About this exercise
Leave the pictures out and give every entry again exactly.

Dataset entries
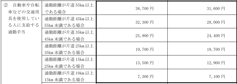 通勤距離が片道2km以上10km未満である場合の4,200円上限は据え置きですが、10km以上については、以下(PDF添付)の左の金額に増額されています。
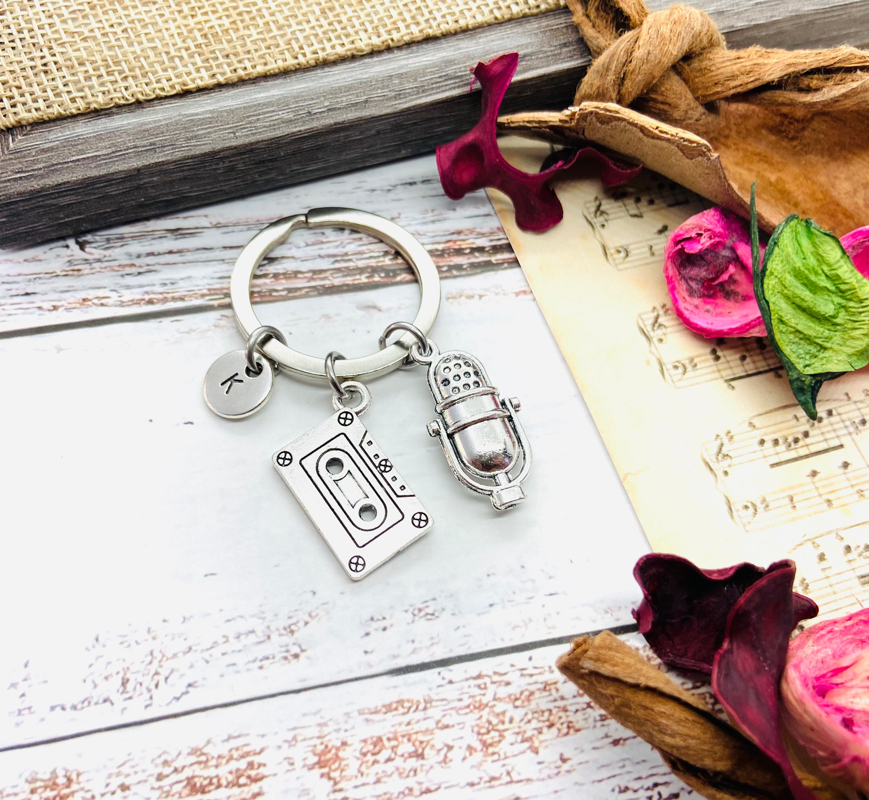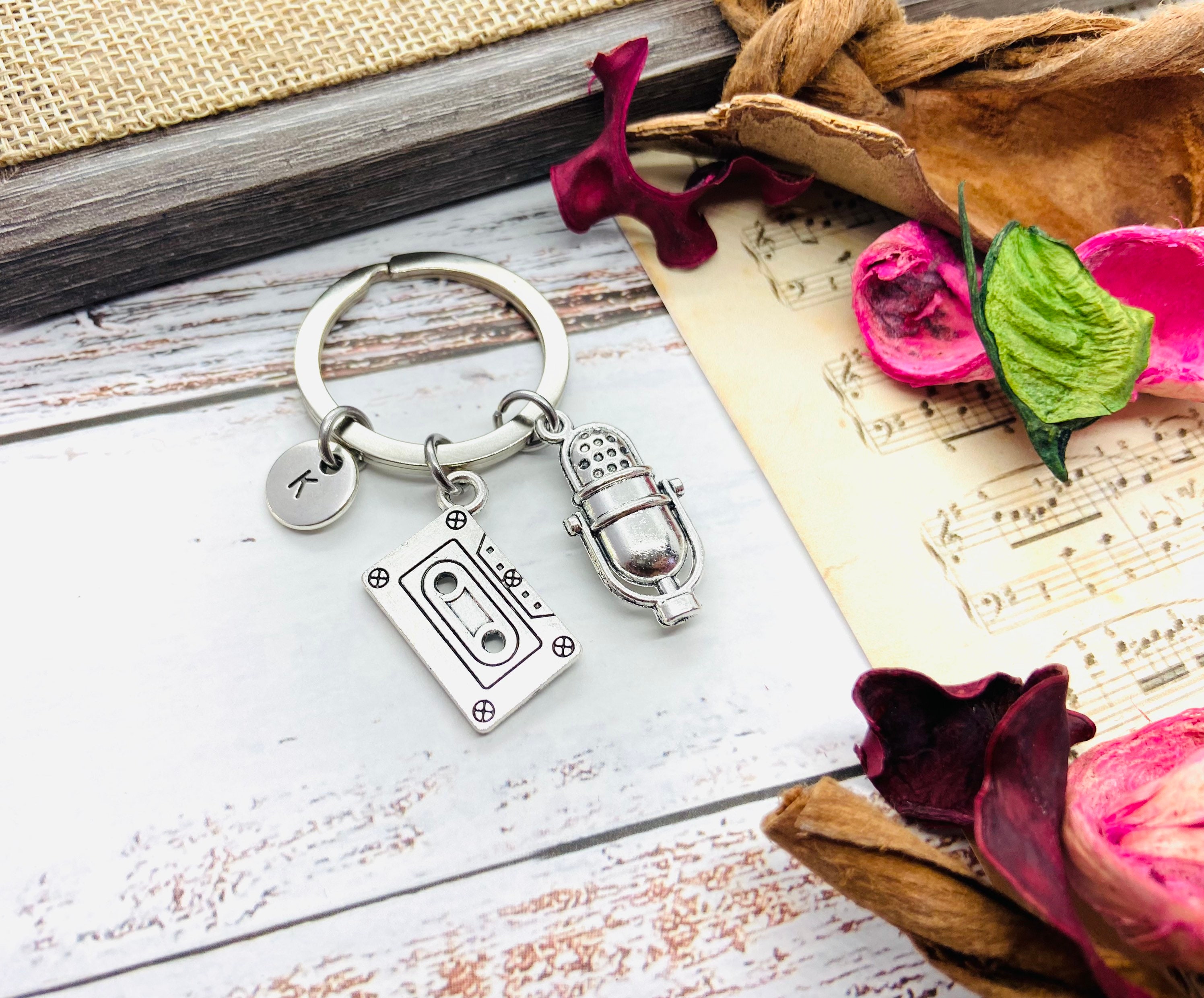 Music Lover Gift, Music Keychain, Music Keychain, Music Teacher Gift, Microphone Jewelry, Retro Music, Сassette Tape, Music Student, Unique
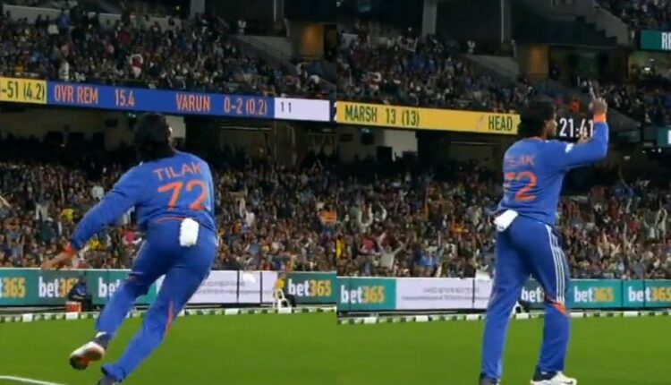 भारत आणि ऑस्ट्रेलिया (IND vs AUS) यांच्यातील 5 सामन्यांच्या टी-20 मालिकेतील दुसरा सामना मेलबर्नमध्ये खेळला गेला. या सामन्यात अभिषेक शर्माला (Abhishek Sharma) वगळता कोणताही भारतीय फलंदाज विशेष चमक दाखवू शकला नाही. टीम इंडियाने (Team india) मोठा स्कोर उभारण्यात अपयश आले. मात्र, क्षेत्ररक्षणादरम्यान तिलक वर्माने (Tilak Verma) अप्रतिम झेल घेऊन सगळ्यांचे लक्ष वेधून घेतले. त्याच्या त्या जबरदस्त कॅचनं चाहत्यांना कौतुकाचा वर्षाव करायला भाग पाडलं.
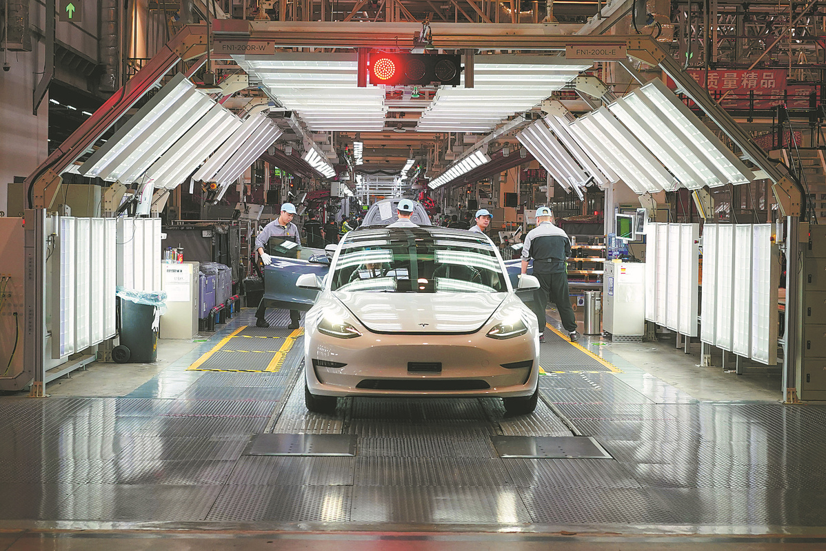 Employees work at Tesla's gigafactory in Lin-gang. (GAO ERQIANG/CHINA DAILY)
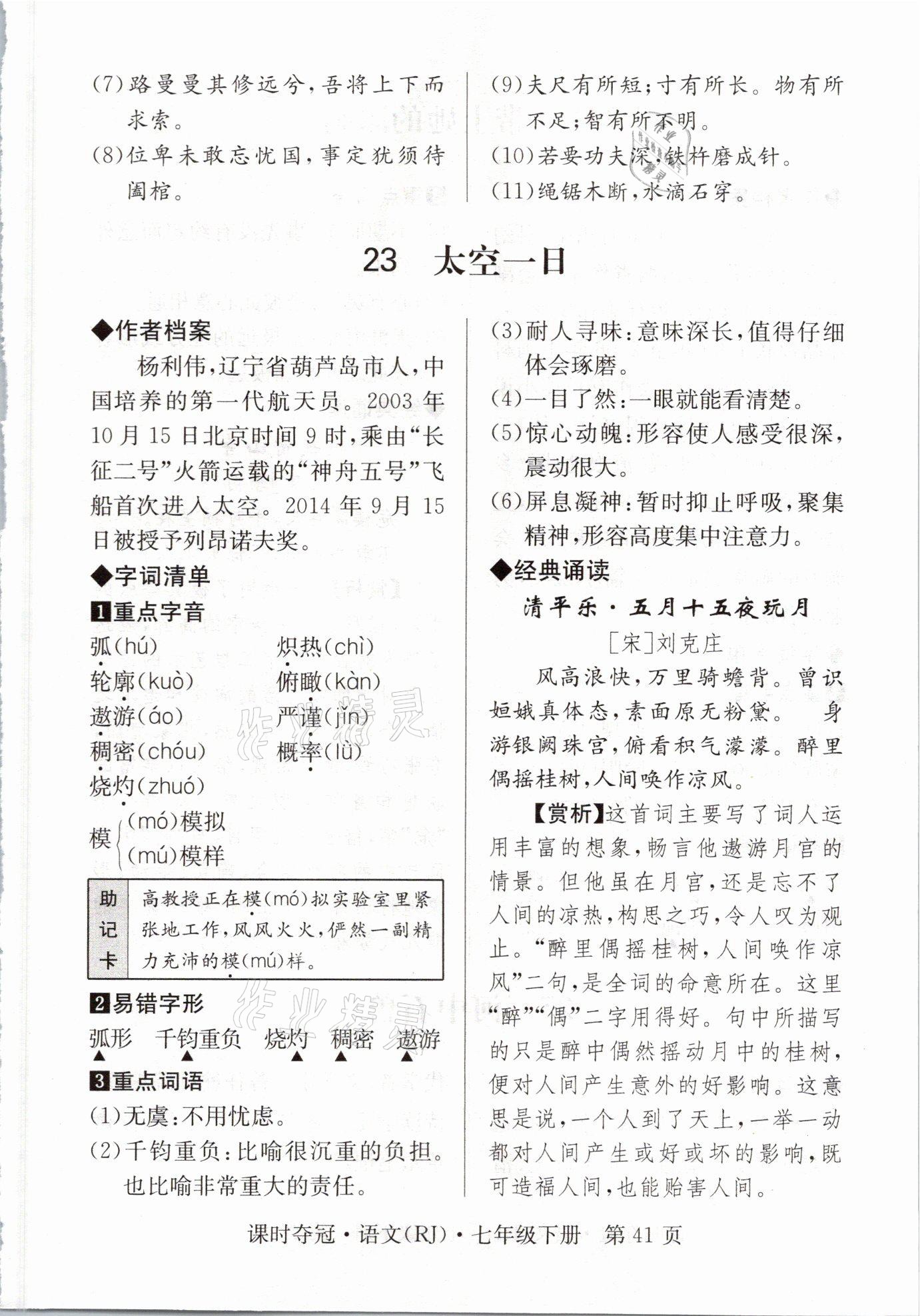 注:目前有些书本章节名称可能整理的还不是很完善,但都是按照顺序排列的,请同学们按照顺序仔细查找。练习册 2021年课时夺冠七年级语文下册人教版孝感专版 答案主要是用来给同学们做完题方便对答案用的,请勿直接抄袭。
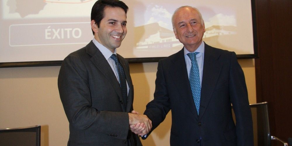 Rafael Aznar, presidente de la Autoridad Portuaria de Valencia, y Guido Grimaldi, director comercial del Grupo Grimaldi, han participado en la ceremonia inaugural de la expansión del enlace entre los tres puertos.
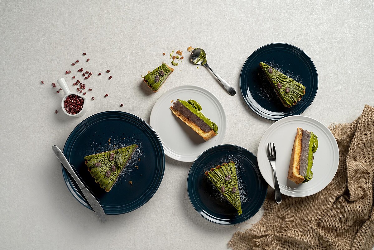 另一人氣商品萬丹紅豆抹茶塔特嚴選台南黑糖、屏東萬丹一號紅豆與靜岡抹茶等食材,將紅豆與黑糖一同熬煮,搭配上層溫潤回甘的抹茶甘納許和底層酥脆塔皮,層層交疊出完美滋味!
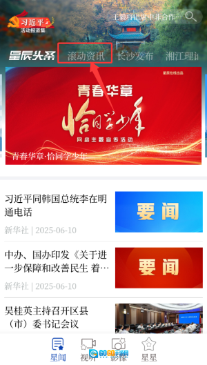 1、打开星辰头条应用,进入首页后在顶部导航栏点击“资讯”频道,该频道会实时推送各类热点新闻资讯。
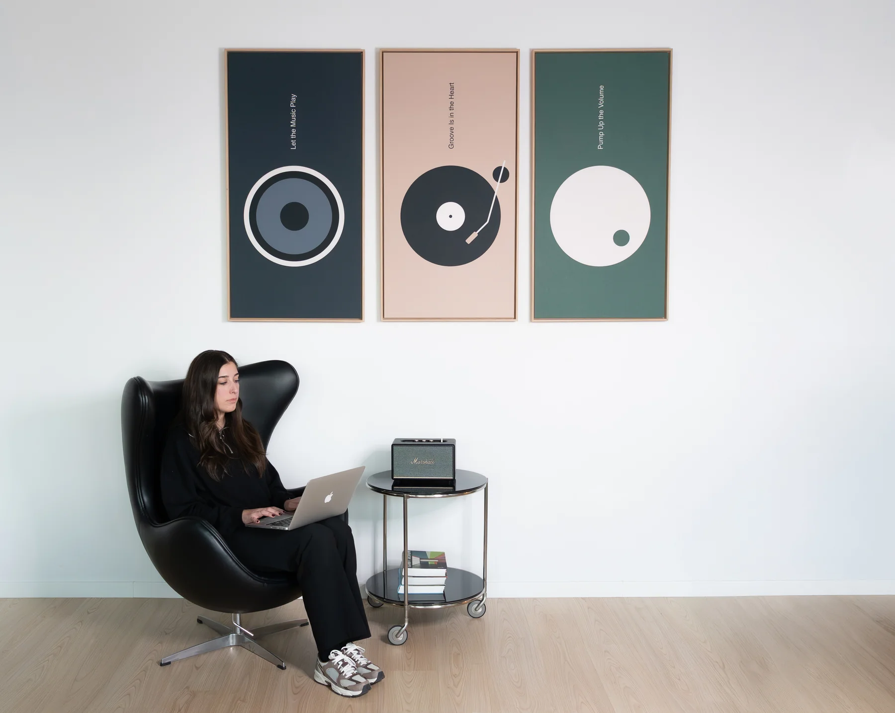 Representando la energía rítmica de los años 80, los paneles acústicos Echo Frame Music convergen arte y sonido a través de un diseño circular. Estos paneles de absorción de sonido conectan la forma visual con la esencia misma de la música y están diseñados con absorción acústica de alto rendimiento.
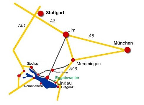 Autobahn A96 bis Abfahrt Weißensberg, dann Richtung Lindau bis Abfahrt nach Oberreitnau. Dort befindet sich auch schon die Ortschaft Eggatsweiler.
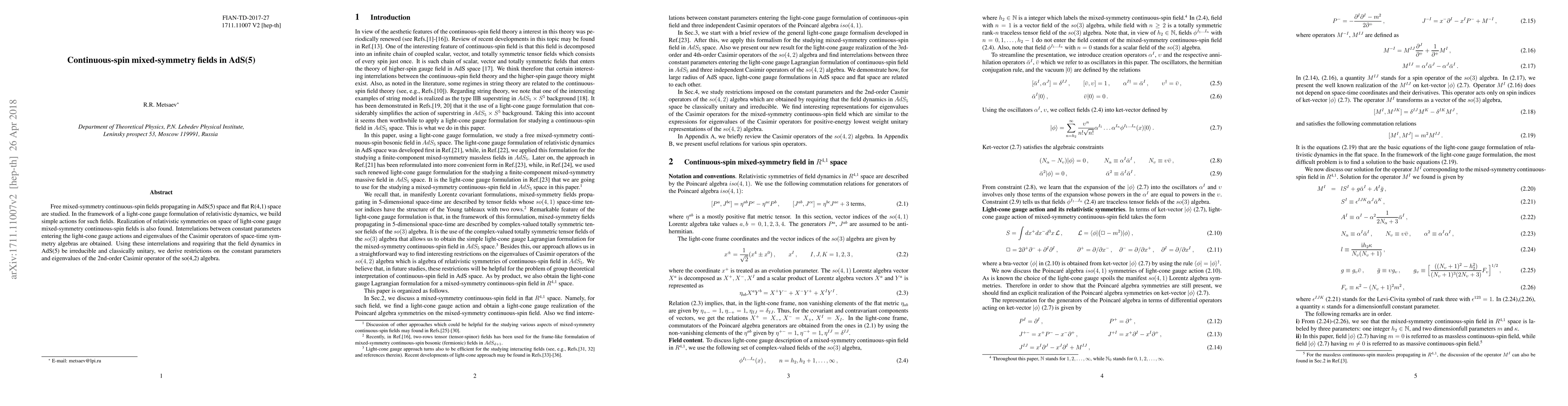 This paper studies free mixed-symmetry continuous-spin fields in AdS(5) and flat R(4,1) spaces, constructing simple light-cone gauge actions and exploring their relativistic symmetries. It derives constraints on parameters and eigenvalues to ensure the dynamics are irreducible and classically unitary.
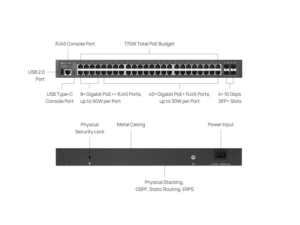 Spravovaný L3 PoE++ switch TP-Link SG5452XMPP je navržen pro vysokou hustotu připojení, maximální napájecí výkon a robustní správu v podnikových sítích i u ISP. Nabízí 48 gigabitových PoE portů (8× PoE++ až 90 W a 40× PoE+ až 30 W), 4× 10Gbps SFP+ uplinky, 770W PoE rozpočet a fyzické stohování až 4 jednotek. Podporuje Perpetual PoE, Fast PoE, pokročilé směrování L3, ochranu v kruhové topologii (ERPS) a centralizovanou správu přes Omada SDN.
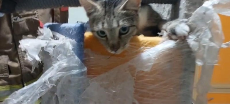 Arsuz ilçesinde balık misinasına dolanan ve iğne batmasıyla yaralanan kedi, itfaiye ekipleri tarafından kurtarıldı.
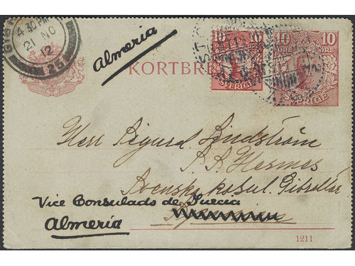 Sweden. Postal stationery, Letter card, Facit kB10, 82, Letter card 10 öre additionally franked with 10 öre, sent from S.. Läs mer Sweden. Postal stationery, Letter card, Facit kB10, 82, Letter card 10 öre additionally franked with 10 öre, sent from STOCKHOLM 13.11.12 to GIBRALTAR 19.NO.12, then forwarded to ALMERIA 22.NO.12. Visa mindre
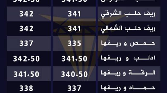 وفيما يلي قائمة بأسعار الدولار في المحافظات السورية، حسب "قناة البورصة السورية الفضائية":

Solution to the exercise
 通勤距離が片道2km以上10km未満である場合の4,200円上限は据え置きですが、10km以上については、以下(PDF添付)の左の金額に増額されています。
 Music Lover Gift, Music Keychain, Music Keychain, Music Teacher Gift, Microphone Jewelry, Retro Music, Сassette Tape, Music Student, Unique
 भारत आणि ऑस्ट्रेलिया (IND vs AUS) यांच्यातील 5 सामन्यांच्या टी-20 मालिकेतील दुसरा सामना मेलबर्नमध्ये खेळला गेला. या सामन्यात अभिषेक शर्माला (Abhishek Sharma) वगळता कोणताही भारतीय फलंदाज विशेष चमक दाखवू शकला नाही. टीम इंडियाने (Team india) मोठा स्कोर उभारण्यात अपयश आले. मात्र, क्षेत्ररक्षणादरम्यान तिलक वर्माने (Tilak Verma) अप्रतिम झेल घेऊन सगळ्यांचे लक्ष वेधून घेतले. त्याच्या त्या जबरदस्त कॅचनं चाहत्यांना कौतुकाचा वर्षाव करायला भाग पाडलं.
 Employees work at Tesla's gigafactory in Lin-gang. (GAO ERQIANG/CHINA DAILY)
 注:目前有些书本章节名称可能整理的还不是很完善,但都是按照顺序排列的,请同学们按照顺序仔细查找。练习册 2021年课时夺冠七年级语文下册人教版孝感专版 答案主要是用来给同学们做完题方便对答案用的,请勿直接抄袭。
 Rafael Aznar, presidente de la Autoridad Portuaria de Valencia, y Guido Grimaldi, director comercial del Grupo Grimaldi, han participado en la ceremonia inaugural de la expansión del enlace entre los tres puertos.
 另一人氣商品萬丹紅豆抹茶塔特嚴選台南黑糖、屏東萬丹一號紅豆與靜岡抹茶等食材,將紅豆與黑糖一同熬煮,搭配上層溫潤回甘的抹茶甘納許和底層酥脆塔皮,層層交疊出完美滋味!
 1、打开星辰头条应用,进入首页后在顶部导航栏点击“资讯”频道,该频道会实时推送各类热点新闻资讯。
 Representando la energía rítmica de los años 80, los paneles acústicos Echo Frame Music convergen arte y sonido a través de un diseño circular. Estos paneles de absorción de sonido conectan la forma visual con la esencia misma de la música y están diseñados con absorción acústica de alto rendimiento.
 Autobahn A96 bis Abfahrt Weißensberg, dann Richtung Lindau bis Abfahrt nach Oberreitnau. Dort befindet sich auch schon die Ortschaft Eggatsweiler.
 This paper studies free mixed-symmetry continuous-spin fields in AdS(5) and flat R(4,1) spaces, constructing simple light-cone gauge actions and exploring their relativistic symmetries. It derives constraints on parameters and eigenvalues to ensure the dynamics are irreducible and classically unitary.
 Spravovaný L3 PoE++ switch TP-Link SG5452XMPP je navržen pro vysokou hustotu připojení, maximální napájecí výkon a robustní správu v podnikových sítích i u ISP. Nabízí 48 gigabitových PoE portů (8× PoE++ až 90 W a 40× PoE+ až 30 W), 4× 10Gbps SFP+ uplinky, 770W PoE rozpočet a fyzické stohování až 4 jednotek. Podporuje Perpetual PoE, Fast PoE, pokročilé směrování L3, ochranu v kruhové topologii (ERPS) a centralizovanou správu přes Omada SDN.
 Arsuz ilçesinde balık misinasına dolanan ve iğne batmasıyla yaralanan kedi, itfaiye ekipleri tarafından kurtarıldı.
 Sweden. Postal stationery, Letter card, Facit kB10, 82, Letter card 10 öre additionally franked with 10 öre, sent from S.. Läs mer Sweden. Postal stationery, Letter card, Facit kB10, 82, Letter card 10 öre additionally franked with 10 öre, sent from STOCKHOLM 13.11.12 to GIBRALTAR 19.NO.12, then forwarded to ALMERIA 22.NO.12. Visa mindre
 وفيما يلي قائمة بأسعار الدولار في المحافظات السورية، حسب "قناة البورصة السورية الفضائية":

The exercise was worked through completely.